To set foot down and do no harm. To make a pilgrimage. To bring humanity to a better pass by the simple act of walking, barefoot and sprightly. This was the testament Harry read in the pocket-sized tablet in the Venice shop window.
For years afterwards, he had deeply regretted not buying the terracotta. He was not a man given to material possessions, and it would have grieved him sorely had he ever broken the tablet in his travels. But eventually, the fact he did not own the moulding of those innocent and blessed feet seemed to him both good and fitting. For in some deep and holy well of his mind, the sculpted feet became purer and more blessed. They were the feet of young gods, robust, primed by an energy that was boundless, fed by the very veins of the cosmos.
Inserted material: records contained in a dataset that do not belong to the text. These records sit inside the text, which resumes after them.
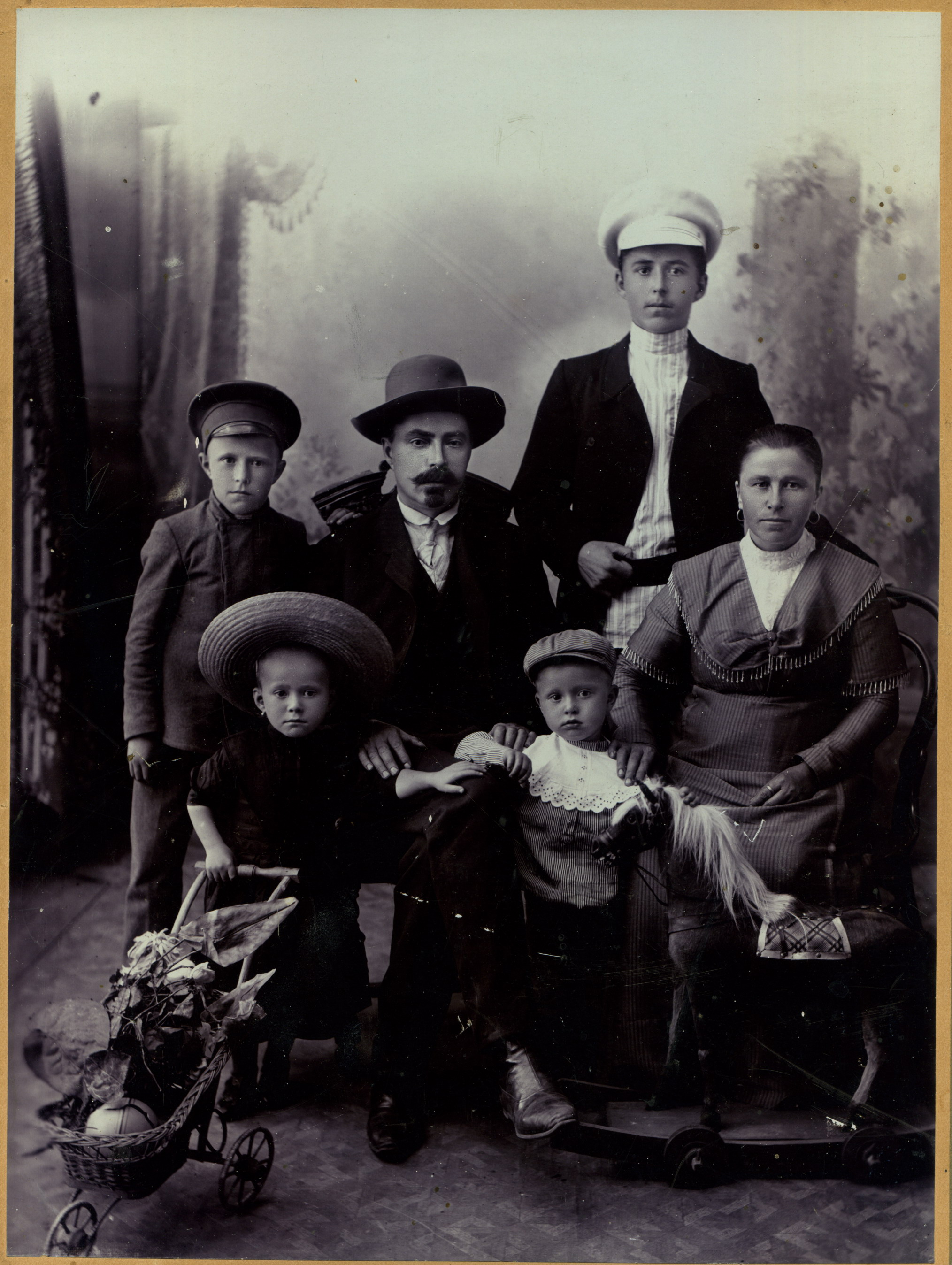 Групповой семейный портрет. На обороте надпись: «На память дорогой сестрице Анне Лаврентьевне и Гавриле Ивановичу и зятю от братца и семьи нашей». Муром, 1905-1908.
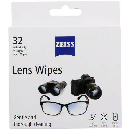 Zeiss Lens Wipes, 32-pack, are designed for cleaning lenses and screens. Store at ambient temperature; shelf life is 180 days. Total weight is 1.000g.
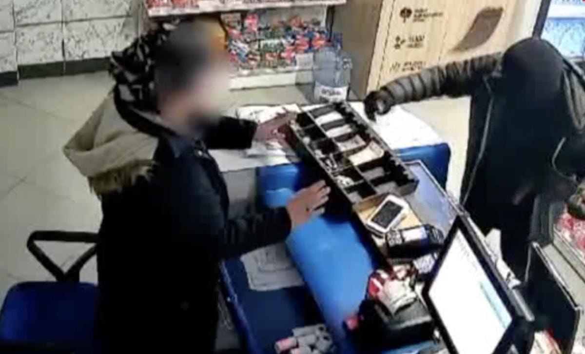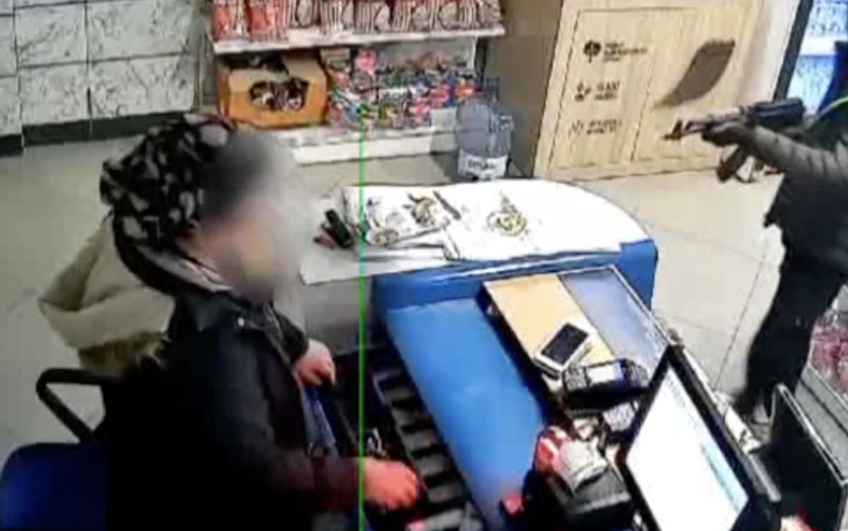 Afyonkarahisar'ın Dinar ilçesindeki akaryakıt istasyonu marketine bir şüpheli siyah mont, kar maskesi, elinde uzun namlulu silahla girdi.
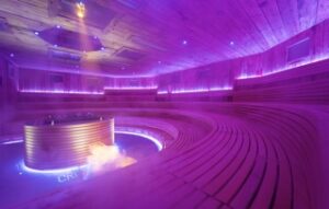 Ici, la route interne se régénère avec un labyrinthe de piscines d'hydromassage, de l'eau salée, du bain turc, du sauna bio, du sauna finlandais 90 ° pour les rituels aufguss, une zone de refroidissement, une voie de Kneipp et 3 salles de relaxation personnalisées avec thérapie et arôme de foin. À l'extérieur, un jardin de conifères et de brasera accueille les nouvelles piscines d'hydromassage avec de l'eau à 35 degrés par deux personnes, des saunas et des douches expérientielles pour un bien-être alpin immergé dans la nature. LE'Sauna de l'événement alpin C'est le joyau de cette nouvelle solution architecturale: L'un des plus grands saunas finlandais d'Europe accueille jusqu'à 100 personnes pour les rituels Aufguss et le show aufguss quotidiennement.

Now, as he leans upon his stick, dismayed by the jangling of nerve pain that makes a devil dance in his spine, it is the image of those god-feet that drives him on. Toward sundown, he often has to grip the boy’s shoulder to steady himself. The boy is willing. The boy is habitually at his side. Harry speculates that beneath those bizarre windings of silk strips that serve Chandelier as shoes are feet innocent as young doves. Whereas his own are daily more cracked and brittle and grey, except for his toenails, which have the consistency of dense horn and have grown so long they are talon-like, tinged the brownish-yellow of bad teeth. As he struggles to stand erect each day-break, his joints resistant as rusted metal, he pictures himself as an aged heron, his first steps of the day tentative and rigid. He sees his own stick-thin figure superimposed against the sky: a hieroglyph of a heron-man, a silhouette as frail as hope making its way across the horizon.
Harry is wrong about Chandelier’s feet. Underneath the windings of silk, the blood has begun to seep from blisters the size of pigeon eggs. It was Miriam who had wound the silk round his feet. But she had no leather or rubber with which to make him protective soles. Chandelier’s fragile footwear had started to tatter a little during his trials in the City. Like Candace, he yearns for sturdy, supple boots and soft cotton socks. It is one of the few wishes he and Candace have in common.